There is no real 'if' here, as we very well know. This is that agonising 'if', more poignant perhaps than any word in the language, with which we ponder something that might once have been alterable, but is now fixed and terrible in the past. It directs our attention even more harrowingly to the sun, in its enigmatic relationship with the dead man. Why should this life- giving warmth, which brought him gently and patiently to life, be so utterly helpless at the very moment of death? The poem actually challenges sentimentality, in the phrase 'the kind old sun'-only, however, to confront it with an annihilating bitter- ness: with the certainty that since the 'if' is not real, then to weep, or to scold, or to appeal will be equally without avail.  The sun is confronted with the final coldness beyond its powers. The implications of the opening line are realised in the fullest degree.

Stanza 2 opens with another imperative, even further removed from action than the first. 'Think how it wakes the seeds. . .' As the poet moves to a wider questioning of creation itself, he also deepens our sense of the personal. The soldier does not simply represent mystery, he is the mystery incarnate. The poem proceeds to its central questions, impassioned and resonant, which carry what has gone before to a new level of agonised clarity:

                                       Are limbs so dear-achieved, are sides
                                       Full-nerved-still warm-so hard to stir?

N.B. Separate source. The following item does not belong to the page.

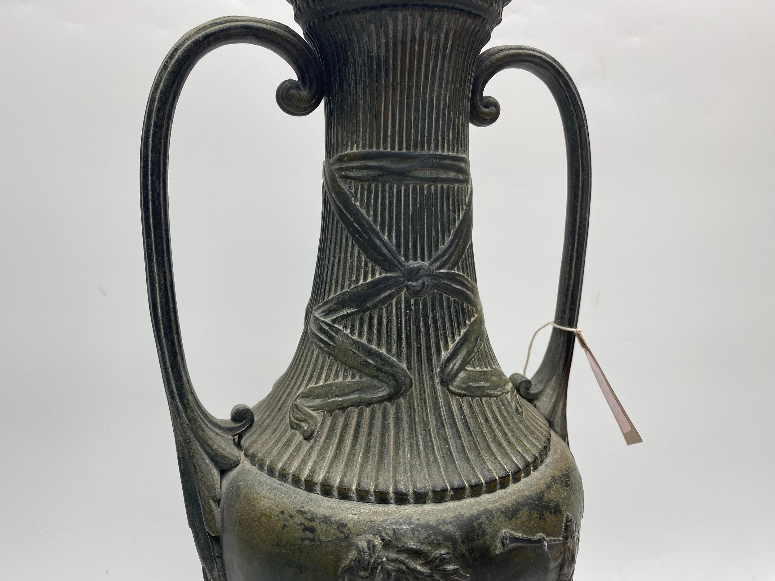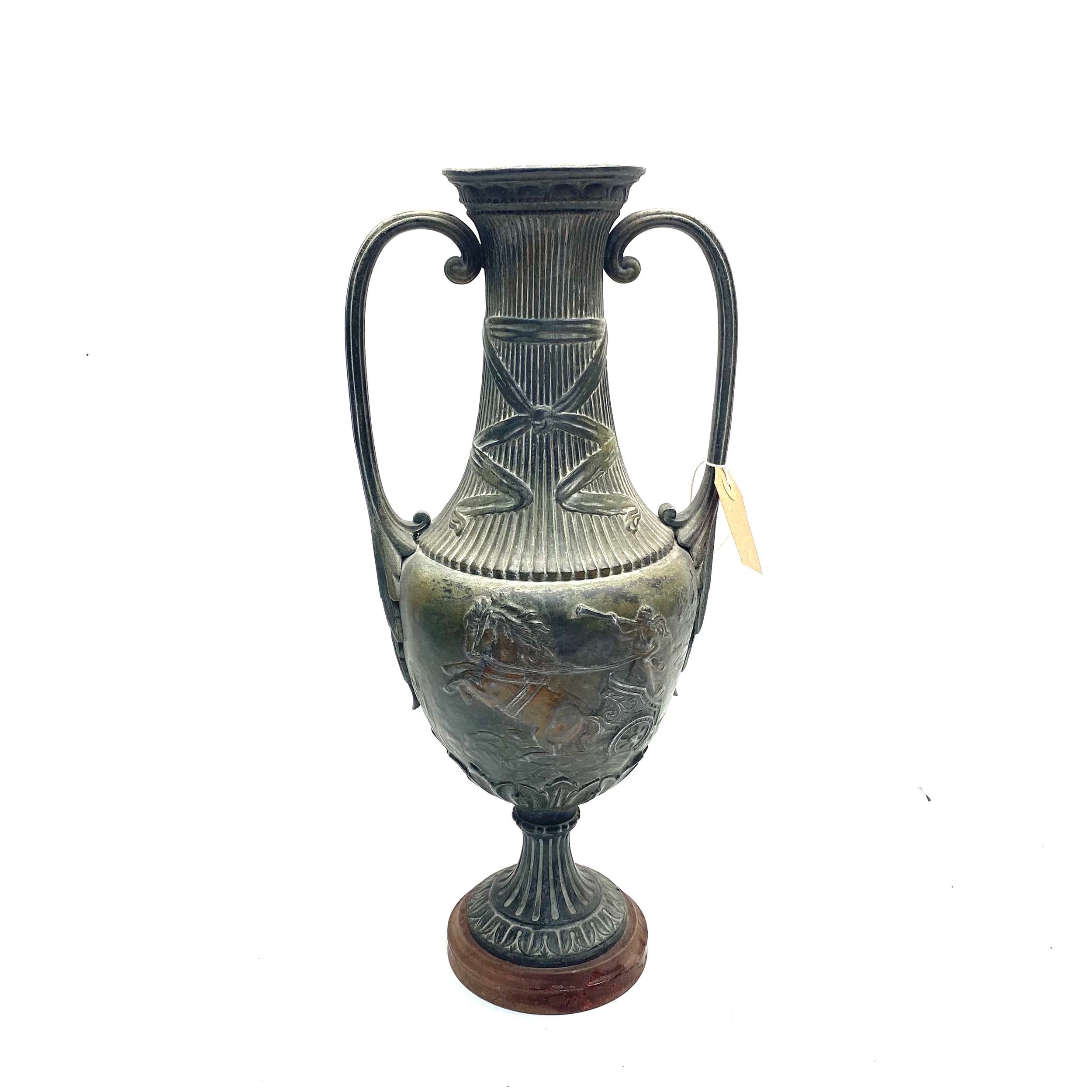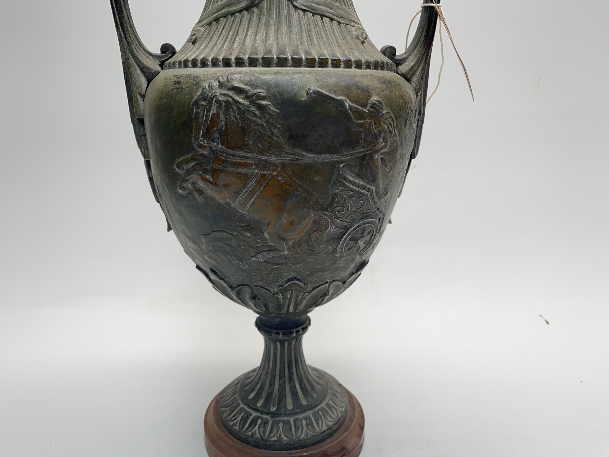 Antique Roman Greek Spelter Bronze Urn Vase Depicting Romam/Greek Chariot Racing.

That 'still warm', referring back as it does to the sun, is almost unbearable. Only after this does the anger underlying the question become fully explicit-in the final question, charged with its own bitter answer:
 
                                        O what made fatuous sunbeams toil To break earth's sleep at all?

Why did all this suffering have to be? It is the cry of Job. What, we may ask in conclusion, is the poem's theme? The obvious answer can be given in Owen's own famous words, 'war, and the pity of war'. (It is interesting to compare 'Futility' with other attitudes to violent death that can be found in this collection: with Yeats's 'Easter 1916', Auden's 'Spain', and Ted Hughes's 'The Casualty'.) Behind the poem's very existence there is protest at the folly of men, who have turned creation into destruction, and effected this terrible despoiling of youth.
   But notice that though the protest is certainly savage, it is never cynical. Owen's close attention to the dead man is in- separable from human compassion. He believes that an individual still matters, and not least in the moment of his death. The poem's title is 'Futility', but deeper levels of futility have been plumbed since he wrote. The mass slaughter of the mid-twentieth century has led some writers to doubt whether individuals have any meaning or value at all. Wilfred Owen is well on the other side, the human side, of that futility. His lament for a unique individual is closer to tragedy than to despair.

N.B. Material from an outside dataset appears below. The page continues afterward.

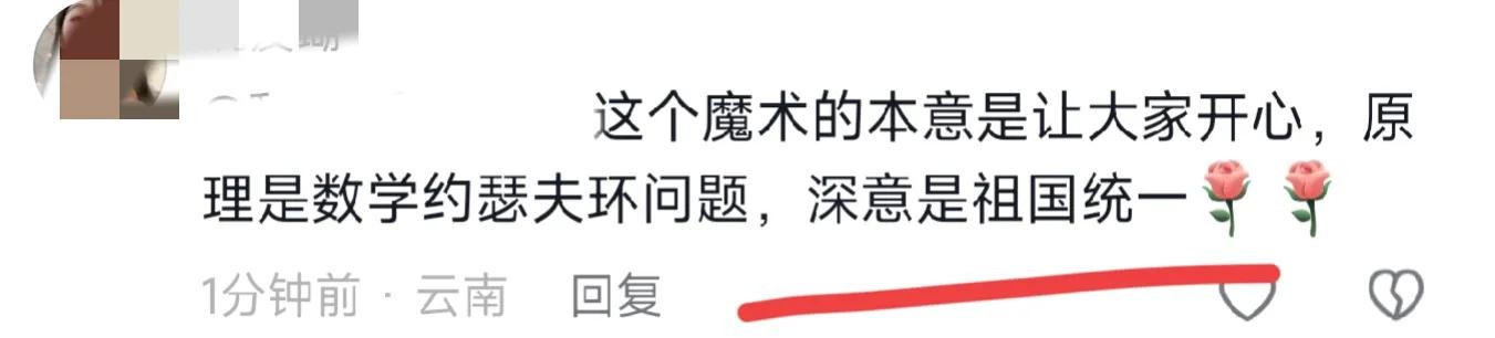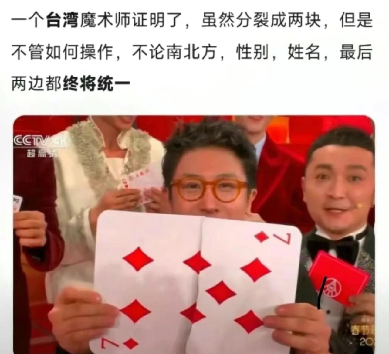 中国台湾的魔术师来给咱们表演了一出“祖国统一”寓意的魔术,哈哈哈用意匪浅啊!

And this suggests a final comment, which must surely be made. Though the poem's theme is war, it is also a poem about death. Is it not profoundly relevant to any death, and to any premature death especially, whether in battle or not? In its deepest implications 'Futility' is not only a social protest but a religious questioning. It faces the mystery of life in sentiments that would remain profoundly true for the bereaved, even if war itself could by some miracle be abolished. The 'futility' of the title does not refer simply to human follies; it refers beyond these, also, to the human condition itself.  It is one side of the tragic vision of man-the perception that if an is the jest and riddle of the world, this is only because he is first and chiefly its glory. The poem moves through questions which are essentially religious, whether they are accompanied by religious belief or not.